CAREER: CISE-CCF-AF-Algebra: DMS-Algebra: Computational Differential Algebra

职业：CISE-CCF-AF-代数：DMS-代数：计算微分代数

• 批准号: 0952591
• 负责人: Alexey Ovchinnikov
• 金额: $ 56.16万
• 依托单位: CUNY Queens College
• 依托单位国家: 美国
• 项目类别: Continuing Grant
• 财政年份: 2010
• 资助国家: 美国
• 起止时间: 2010-06-01 至 2017-05-31
• 项目状态: 已结题
• 来源: https://www.nsf.gov/awardsearch/showAward?AWD_ID=0952591&HistoricalAwards=false
• 关键词: CAREER; CISE; CCF; AF; Algebra

Partial differential algebraic equations (PDAEs) have many important applications, such as those in cellular biology, chemistry, mathematical physics, mechanics and dynamical systems, control theory, differential geometry, and analysis. Algorithms on PDAEs have been instrumental in simplifying and solving practical problems but are increasingly taxed as the size of problems increases. Improvements in efficiency will reduce the time for scientists to find properties, and perhaps solutions, to the systems they are working on. The research consists of developing a computational theory for systems of PDAEs, including those with parameters, and to design algorithms that provide efficient descriptions of their solutions. For non-parameterized systems, the PI will first obtain complexity estimates for existing differential elimination algorithms. For systems with parameters, he will study the structure of their differential Galois groups, which are linear groups consisting of solutions to PDAEs themselves, via representation theory. Better understanding of them can then be applied to improve the efficiency of existing algorithms or create new ones. Despite over a century of numerous studies on PDAEs, as pioneered by Holder, Janet, Riquer, Ritt, Kolchin, and recently furthered by Singer, Boulier, and Hubert, among many others, there do not yet exist methods computationally efficient enough to explore and understand the differential algebraic behavior of solutions of these systems. As a result of the proposed research activities, new improved complexity upper bounds will highlight some bottlenecks of existing algorithms, allowing deeper exploration of designs for more efficient algorithms. The research activities will further develop the theory of radical differential ideals which is essential for any substantial progress in theoretical and algorithmic developments. Among the open problems this project will investigate is the Ritt Problem, which if solved, would provide unique, irredundant, and effective representations of radical differential ideals.

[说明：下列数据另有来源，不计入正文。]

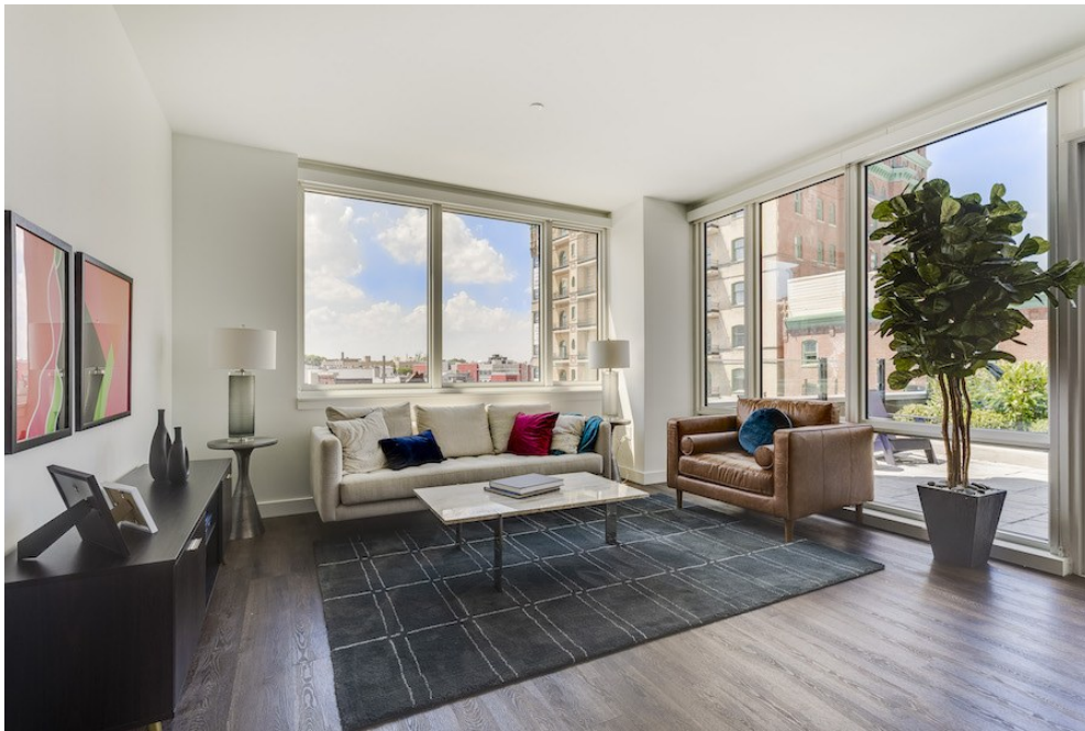
Model apartment living room

There are also some apartments on the amenity floor, facing both terraces. One currently serves as a model unit for prospective tenants.

偏微分代数方程（PDAE）在细胞生物学、化学、数学物理、力学和动力系统、控制理论、微分几何和分析等领域有着重要的应用。PDAE上的算法在简化和解决实际问题方面发挥了重要作用，但随着问题规模的增加，其负担越来越重。效率的提高将减少科学家的时间来寻找属性，也许解决方案，他们正在研究的系统，该研究包括发展的PDAE系统的计算理论，包括那些参数，并设计算法，提供有效的描述他们的解决方案。对于非参数化系统，PI将首先获得现有差分消除算法的复杂性估计。对于具有参数的系统，他将研究其微分伽罗瓦群的结构，这些群是由PDAE本身的解组成的线性群，通过表示论。对它们的更好理解可以应用于提高现有算法的效率或创建新算法。尽管在过去的世纪的众多研究PDAEs，率先由保持器，珍妮特，Riquer，里特，Kolchin，最近进一步由辛格，Boulier和休伯特，其中许多人，还没有存在的方法计算效率足以探索和理解这些系统的解的微分代数行为。作为所提出的研究活动的结果，新的改进的复杂性上限将突出现有算法的一些瓶颈，允许更深入地探索更有效的算法的设计。研究活动将进一步发展激进的微分理想的理论，这是必不可少的任何实质性进展的理论和算法的发展。在开放的问题，这个项目将调查是里特问题，如果解决，将提供独特的，无冗余的，有效的表示激进的微分理想。